- [WHAT NEEDS TO BE DONE]: Quote the data exactly, first line to the line containing "6. Вистилаю дно", with no pictures.

- [INFORMATION SUPPLIED]:
##########
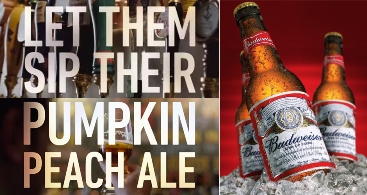 I’m late to the tsunami of derision this ad unleashed against the Bud Collective but I have to say that I’m a little less actively offended by the ad – in the sense of being shocked that it happened – than a lot of people seem to be because, really, it’s nothing new. AB’s entire history is littered with examples of them heaping scorn upon other breweries and, lately, strategies specifically aimed at craft brewing. You’ve probably seen this ad already (if you haven’t, you can watch it below, courtesy of our pals at YouTube) and noted that the main subject of their lofty scorn was the now-infamous “Pumpkin Peach Ale”, which AB spokespuppet, Brian Perkins called “a fabricated, ludicrous flavor combination.” Apparently, Perky was unaware that this very beer – augmented with the even more ludicrous addition of some toasted pecans – was made recently. It was called “Gourdia on My Mind“. The producer was Elysian Brewing…which Perkins’ own employer now owns.
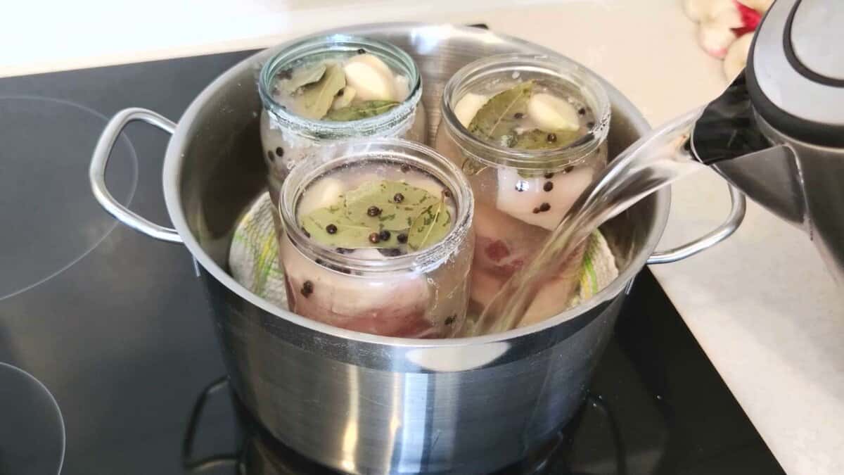 6. Вистилаю дно каструлі рушником. Ставлю банки з грудинкою і заливаю їх теплою водою практично до самого верху. Доводжу воду до кипіння, накриваю каструлю кришкою і томлю банки 2,5 години на малому вогні, періодично підливаючи воду в каструлю.
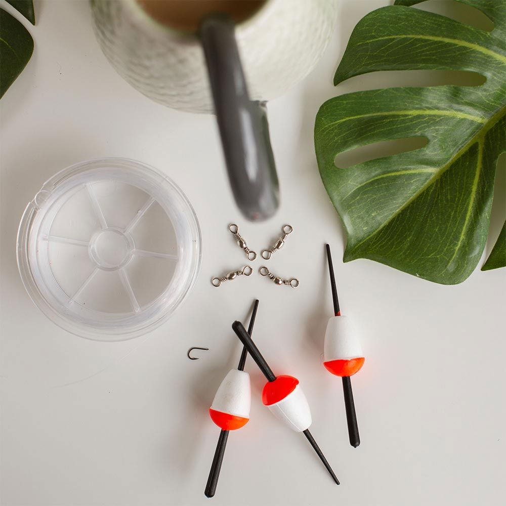 Pentru pasionatii adevarati am adaugat la pachet si cateva dintre ustensilele magice cu care vei da lovitura - o mulineta cu fir transparent ca sa-l iei prin surprindere, un carlig in miniatura, numai bun de prins in buza pestisorului auriu pentru clipa cand il vei lua la intrebari, 3 plute cu sistem reflectorizant ca sa fii la curent cu toate jocurile din balta, dar si 4 pivoti pentru pescuit profesional si fire cat mai larg intinse.
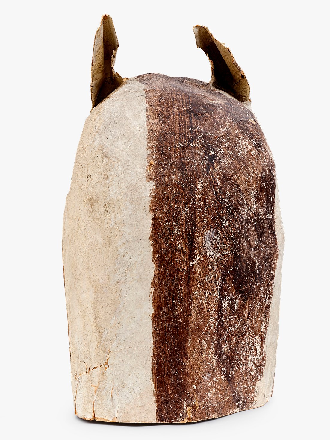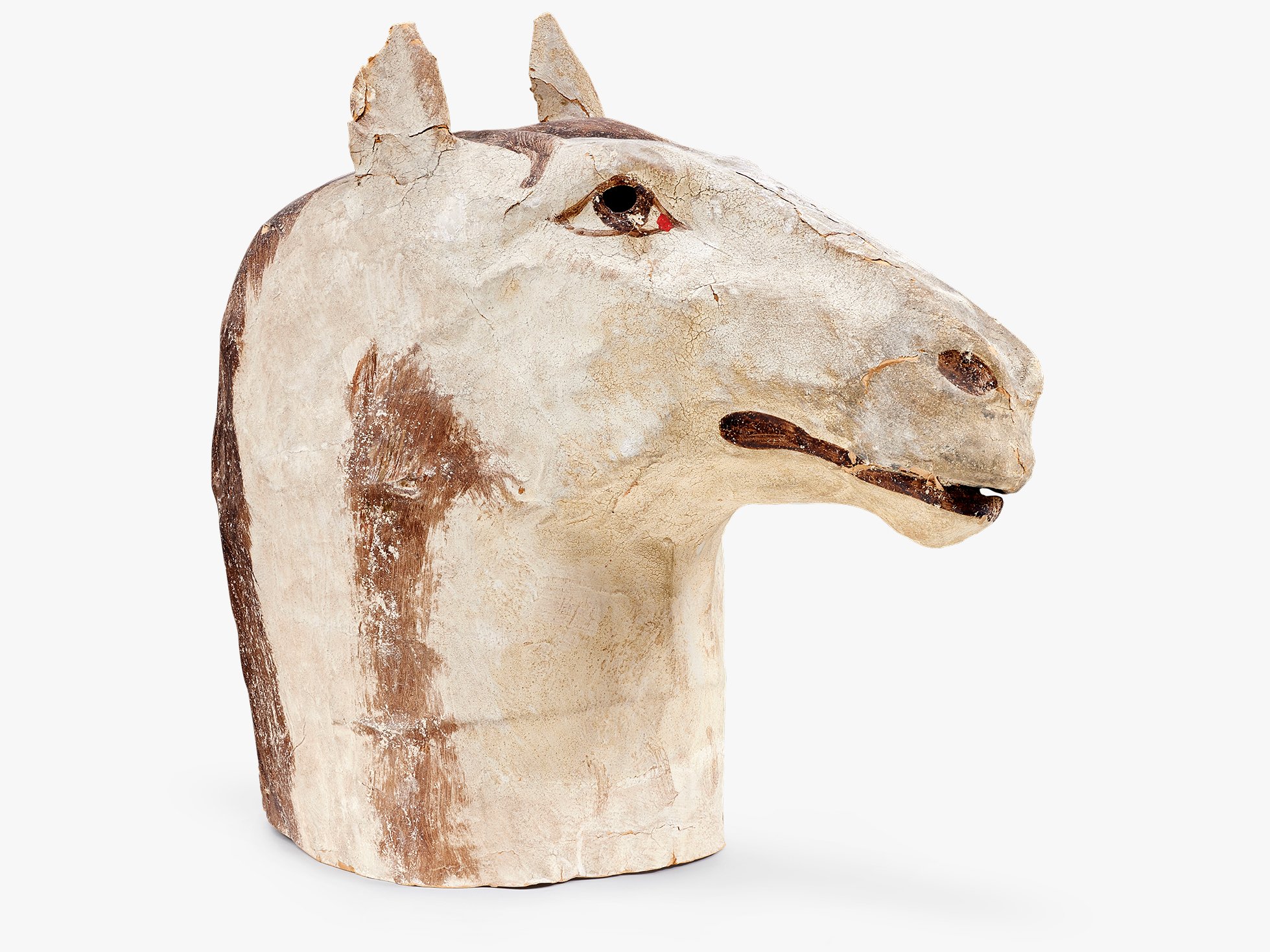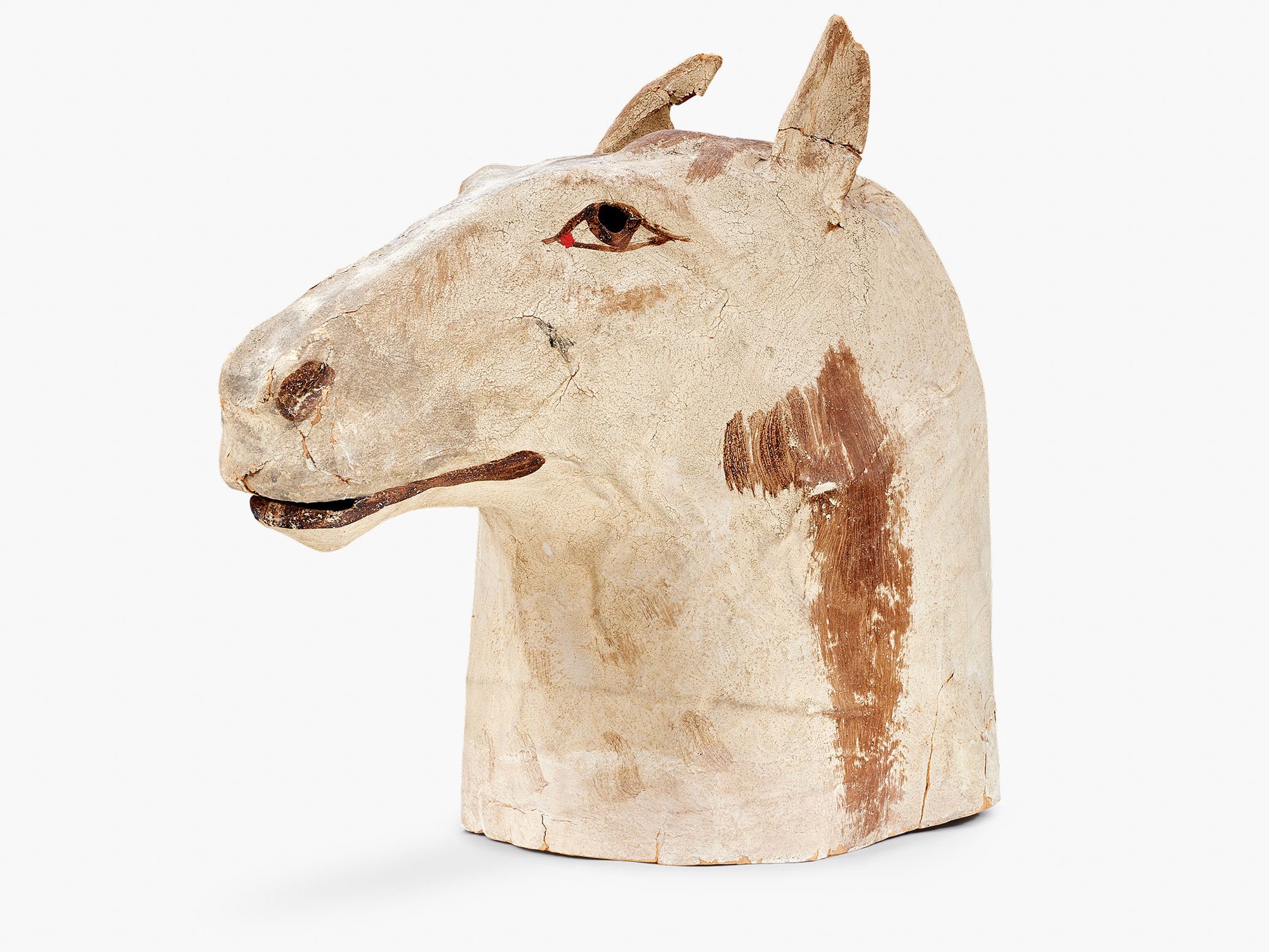 Found in cultures around the world, masks are used for endeavors both silly and serious—from lighthearted dress-up to religious ceremonies. This horse head is an example of the papier mâché masks that were worn in Czechoslovakia as part of Masopust celebrations (an equivalent of Mardi Gras). Once it found its way into the Eameses’ collection, however, the mask took on a new significance and became a favorite playful prop in their home. At some point in the 1950s, Charles donned the mask to pose for photos with Ray (who wore a similar black horse head) in front of a curtain backdrop. Although their faces are hidden, both are recognizable thanks to their signature clothing styles: a suit for Charles and a full-skirted dress with collar for Ray. These horse heads along with the other masks that they made and collected served as tools for imaginative role-playing and storytelling, even when it was obvious who was behind the disguise.
##########
- [RESULT FOR THIS TASK]:
 I’m late to the tsunami of derision this ad unleashed against the Bud Collective but I have to say that I’m a little less actively offended by the ad – in the sense of being shocked that it happened – than a lot of people seem to be because, really, it’s nothing new. AB’s entire history is littered with examples of them heaping scorn upon other breweries and, lately, strategies specifically aimed at craft brewing. You’ve probably seen this ad already (if you haven’t, you can watch it below, courtesy of our pals at YouTube) and noted that the main subject of their lofty scorn was the now-infamous “Pumpkin Peach Ale”, which AB spokespuppet, Brian Perkins called “a fabricated, ludicrous flavor combination.” Apparently, Perky was unaware that this very beer – augmented with the even more ludicrous addition of some toasted pecans – was made recently. It was called “Gourdia on My Mind“. The producer was Elysian Brewing…which Perkins’ own employer now owns.
 6. Вистилаю дно каструлі рушником. Ставлю банки з грудинкою і заливаю їх теплою водою практично до самого верху. Доводжу воду до кипіння, накриваю каструлю кришкою і томлю банки 2,5 години на малому вогні, періодично підливаючи воду в каструлю.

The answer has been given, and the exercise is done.